The operator-side enumeration pattern:

for pa in rt.pending_approvals():
    print(pa.id, pa.kind, pa.object_type, pa.reason)
    rt.approve(pa.id, approved_by="reviewer")

Scoped views for cost-efficient LLM behaviors

When an LLM behavior only needs to read a few neighbors of the triggering object, narrow the view to bound prompt size and cost:

@behavior(
    name="claim_summarizer",
    on=["object.created"],
    where={"object.type": "claim"},
    view={"around": "event.payload.object.id", "depth": 1},
)
def claim_summarizer(event, graph, ctx):
    claim = ctx.view.get_object(event.payload["object"]["id"])
    for neighbor in ctx.view.objects():
        ...

around= + depth= scope what ctx.view returns. The prompt assembler serializes the view; smaller view, smaller prompt. LLM behaviors that pass the full graph to the prompt assembler are the canonical source of unbounded cost growth in agentic systems — scoping is the answer. See views.

@relation_behavior for coordination logic between endpoints

When the logic semantically belongs to a relationship, not to either endpoint, use @relation_behavior:

from activegraph import relation_behavior

@relation_behavior(
    name="auto_unblock",
    relation_type="depends_on",
    on=["task.completed"],
)
def auto_unblock(relation, event, graph, ctx):
    if event.payload["task_id"] == relation.source:
        graph.patch_object(relation.target, {"status": "open"})

The behavior fires once per matching edge. See relations for the decision rule between relation behaviors and regular behaviors.

Emit a custom event for cross-behavior signaling

When two behaviors need to coordinate but neither owns the trigger, emit a custom event from one and subscribe from the other:

@behavior(name="produce", on=["object.created"])
def produce(event, graph, ctx):
    ...
    graph.emit("memo.ready_for_review", {"memo_id": memo.id})

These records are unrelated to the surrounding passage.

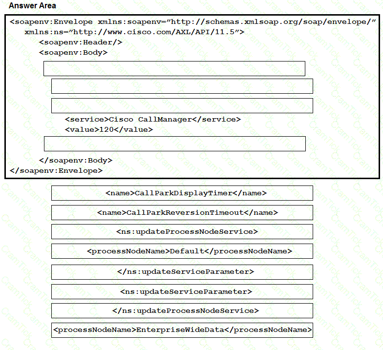 Drag and drop the XML snippets onto the AXL request to build a request that sets the cluster-wide Call Park Reversion Timer to 2 minutes. Not all options are used.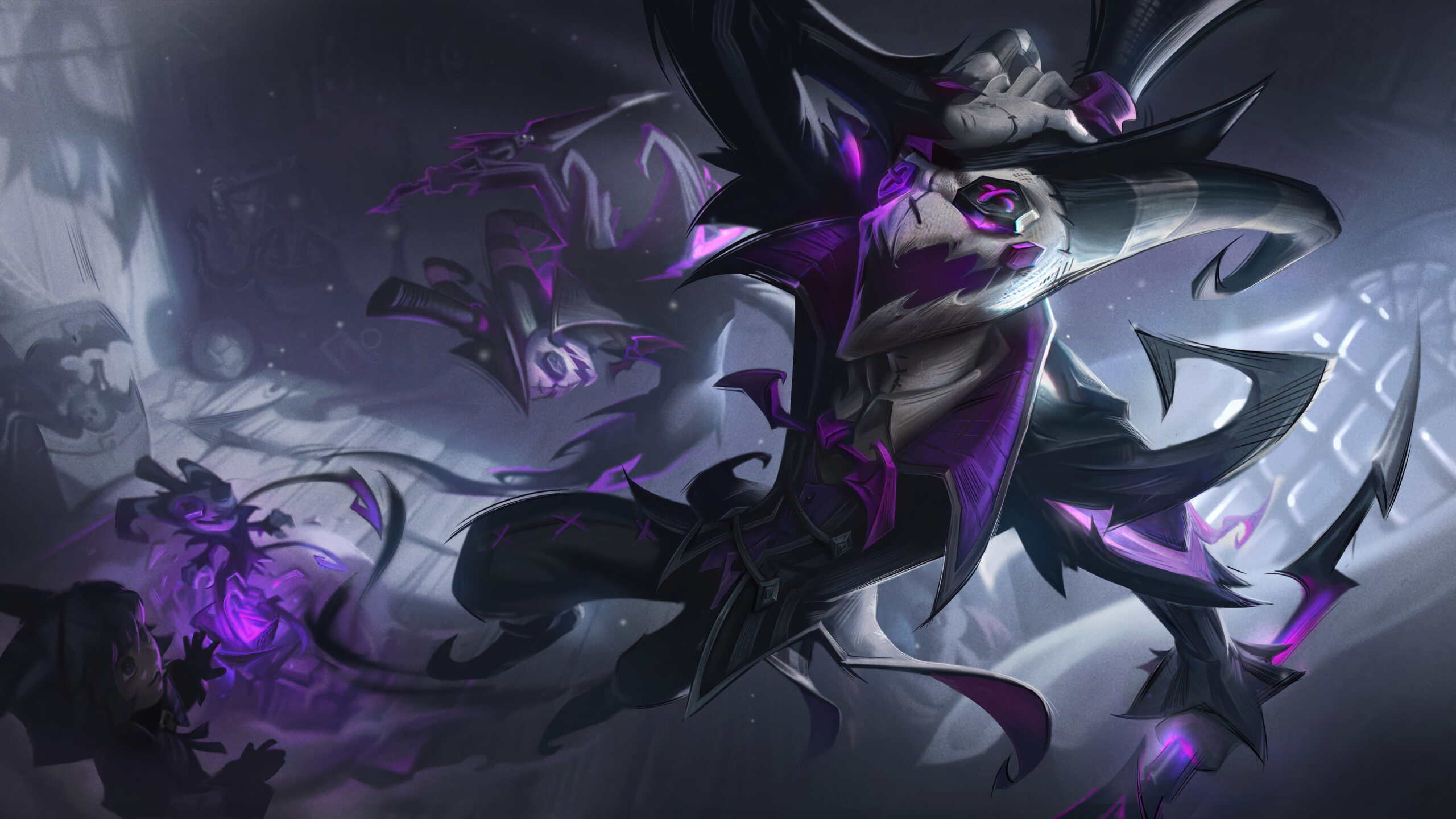 A haunting 4K wallpaper featuring the eerie Fright Night Shaco skin from League of Legends. Shaco, the twisted jester, is depicted in a nightmarish scene, donning his terrifying new skin with glowing eyes and sinister details, embodying a chilling sense of chaos and horror.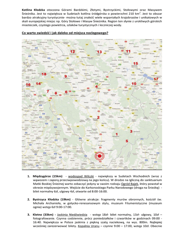 Kotlina Kłodzka otoczona Górami Bardzkimi, Złotymi, Bystrzyckimi, Stołowymi oraz Masywem Śnieżnika. Jest to największa w Sudetach kotlina śródgórska o powierzchni 210 km 2. Jest to obszar bardzo atrakcyjny turystycznie- można tutaj znaleźd wiele wspaniałych krajobrazów i unikatowych w skali europejskiej miejsc np. Góry Stołowe i Masyw Śnieżnika. Region ten słynie z urokliwych górskich miasteczek, czystego powietrza, szlaków turystycznych i leczniczej wody. Co warto zwiedzid i jak daleko od miejsca noclegowego? 1. Międzygórze (15km) - wodospad Wilczki - największy w Sudetach Wschodnich (wraz z wąwozem i zaporą przeciwpowodziową na jego koocu). W drodze na Igliczną do sanktuarium Matki Boskiej Śnieżnej warto zobaczyd jedyny w swoim rodzaju Ogród Bajek, który powstał w okresie międzywojennym. Wejście do Karkonoskiego Parku Narodowego (droga na Śnieżkę) bilet normalny 6zł, ulgowy 4zł, otwarte od 8:00-16:00. 2. Bystrzyca Kłodzka (19km) - Główne atrakcje: fragmenty murów obronnych, kościół św. Michała Archanioła, w gotycko-renesansowym stylu, muzeum Filumenistyczne (muzeum ognia) wstęp 6zł 9:00-17:00. 3. Kletno (33km) - Jaskinia Niedźwiedzia - wstęp 18zł- bilet normalny, 13zł- ulgowy, 10zł – fotografowanie. Czynna codziennie, prócz poniedziałków i czwartków w godzinach 09:00 16:40. Największa w Polsce jaskinia z piękną szatą naciekową, na wys. 800m. Najlepiej wcześniej zarezerwowad bilety. Kopalnia Uranu – czynne 9:00 – 17:00, wstęp 10zł. Obecnie udostępniona do zwiedzania jest sztolnia nr 18 - przy drodze łączącej Kletno z Sienną. Trasa obejmuje około 200 m wyrobisk. 4. Kłodzko (34km) - Twierdza Kłodzka – (10zł wejście do labiryntu 10:00-18:00) olbrzymia budowla obronna górująca nad miastem oraz poprzez sied chodników również i pod miastem. Występowała zresztą w jednym z odcinków "4 pancerych i pies" :) Poza tym warte zobaczenia są: Kościół Wniebowzięcia NMP, staromiejski rynek (zwłaszcza ratusz), kamienny most gotycki św. Jana przypominający Most Karola w Pradze. 5. Śnieżnik (40km) 1425 m - szlaki z Kletna k. Stronia Śląskiego i Międzygórza. Masyw Śnieżnika jest centralnym punktem, od którego we wszystkie strony rozchodzą się grzbiety górskie. Kopuła szczytowa leży powyżej górnej granicy lasu i jest doskonałym miejscem widokowym. Poniżej na Hali pod Śnieżnikiem duże schronisko górskie. 6. Szczytna (43km) - zamek Na Szczytniku (589 m) neogotycki z XIX wieku. W pobliżu znajduje się kamienna Droga Krzyżowa z płaskorzeźbami z piaskowca osadzonymi w naturalnych skałach 7. Błedne Skały (43km) –(Park Narodowy Gór Stołowych) również znane jak Szczeliniec Wielki, skalny labirynt obejmujący grzbiet Skalniaka (915 m) wyrzeźbiony w piaskowcach, różniący się jednak formą skalną. Droga prowadzi wyżłobieniami w skałach, często bardzo wąskimi. Do skał można dojechad samochodem. 8. Duszniki Zdrój (48km) - znana miejscowośd uzdrowiskowa z zabytkową częścią miejską oraz starym miastem. Warto odwiedzid Muzeum Papiernictwa i Młyn Papierniczy z 1605r, gdzie nadal odbywa się produkcja papieru czerpanego. 9. Wambierzyce (50km) - najciekawsza, a jednocześnie mało znana atrakcja to Skansen prowadzony przez Sołtysa. Przez ponad 30 lat zgromadził on duży zbiór historycznych eksponatów, maszyn rolniczych, urządzeo domowych, historyczne wyposażenie kuźni, zakładów szewskich, ciesielskich i wielu innych. Poza tym mini-zoo ze strusiami, jeleniami, dzikimi świniami, pstrągami, itp. Bazylika Nawiedzenia NMP - pochodząca z XVII-XVIII w renesansowo to wizytówka Wambierzyc. Oprócz tego Kalwaria wambierzycka składająca się ze 150 kaplic oraz największa ruchoma szopka. Ratno -Średniowieczny zamek malownicza budowla niedaleko Wambierzyc. Wzniesiony w XIV w. Obecnie zamek jest niezagospodarowany, ale mimo to jest atrakcyjny do zwiedzania. Można przejśd się po położonych na stromym zboczu pięknych tarasach ogrodowych, oranżerii, czy parku pałacowym. 10. Złoty Stok (52km) - Kopalnia Złota - Bilet normalny 10 zł (9.00-18.00). Podziemne Muzeum Górnictwa i Hutnictwa (w Złotym Jarze) z unikalną kolekcją map górniczych (www.kopalniazlota.pl ), stary młyn prochowy, oraz kościoły: poewangelicki kościół Zbawiciela z XV wieku, kościół parafialny Niepokalanego Poczęcia NMP. 11. Ząbkowice Śląskie (57km) - fragmenty murów obronnych, neogotycki ratusz z drugiej połowy XIX wieku, Krzywa Wieża z XIV wieku, zespół dawnego klasztoru Dominikanów, dwór opatów henrykowskich z początku XVIII wieku, obecnie klasztor Boromeuszek. 12. Nowa Ruda (59km) - Muzeum Górnictwa - Podziemna Trasa Turystyczna (jeżdżąca podziemna kolejka). Warty zobaczenia jest również dawny zamek z XV wieku, obecnie popadający niestety w ruinę. Poza tym kościoły: neogotycki św. Mikołaja; barokowy Podwyższenia Krzyża; Wniebowzięcia NMP; kościół św. Barbary; kościół św. Katrzyny; barokowa kaplica Loretaoska z XVIII/XIX wieku, oraz barokowy klasztor Salezjanek z 1630 roku. Ciekawy architektonicznie jest również ratusz z 1884 roku. 13. Srebrna Góra (59km) - Forty - potężne fortyfikacje zbudowane w latach 1765-77 za czasów Fryderyka Wielkiego. Częściowo udostępnione do zwiedzania są olbrzymią atrakcją. 14. Droga "Stu Zakrętów" (62km) - biegnie przez obszar Gór Stołowych, prowadzi z Radkowa do Kudowy Zdrój. Jadąc tą szosą mamy możliwośd zobaczyd mnóstwo ciekawych form skalnych, z których najbardziej charakterystyczne są tzw. Grzyby Skalne. Są to grzyby, młoty, maczugi, baszty itp. wyrzeźbione ze skał w wyniku erozji. 15. Kamieniec Ząbkowicki (62km) - na Zamkowej Górze znajdują się ruiny neogotyckiego zespołu pałacowego wraz z kościołem, mauzoleum, stajniami, wozowniami z XIX w. Jest to największy neogotycki pałac w Europie. 16. Kudowa Zdrój (62km) - znana miejscowośd uzdrowiskowa - Park Zdrojowy, budynek pi

@behavior(name="review", on=["memo.ready_for_review"])
def review(event, graph, ctx):
    ...

Custom event names use dot-namespace convention (my.feature.event); behaviors subscribing by name pick them up. The events land in the trace alongside framework events. See events.

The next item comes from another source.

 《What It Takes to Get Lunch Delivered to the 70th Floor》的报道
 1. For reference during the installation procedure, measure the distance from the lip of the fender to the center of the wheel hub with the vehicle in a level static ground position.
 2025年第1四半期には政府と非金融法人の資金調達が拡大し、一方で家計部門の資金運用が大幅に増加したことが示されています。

Save state across processes

When a long-running goal needs to survive process restart, attach a SQLite store and call save_state at quiescence:

rt = Runtime(graph, persist_to="/path/to/run.db")
rt.run_goal("...")
rt.save_state()

To resume later:

rt = Runtime.load("sqlite:////path/to/run.db", run_id=rt.run_id)
rt.run_until_idle()

Restoring loads the event log and replays it. Behaviors fire fresh after the replay; the framework treats them as a continuation of the original run. See Operating in production for the full operator-facing surface.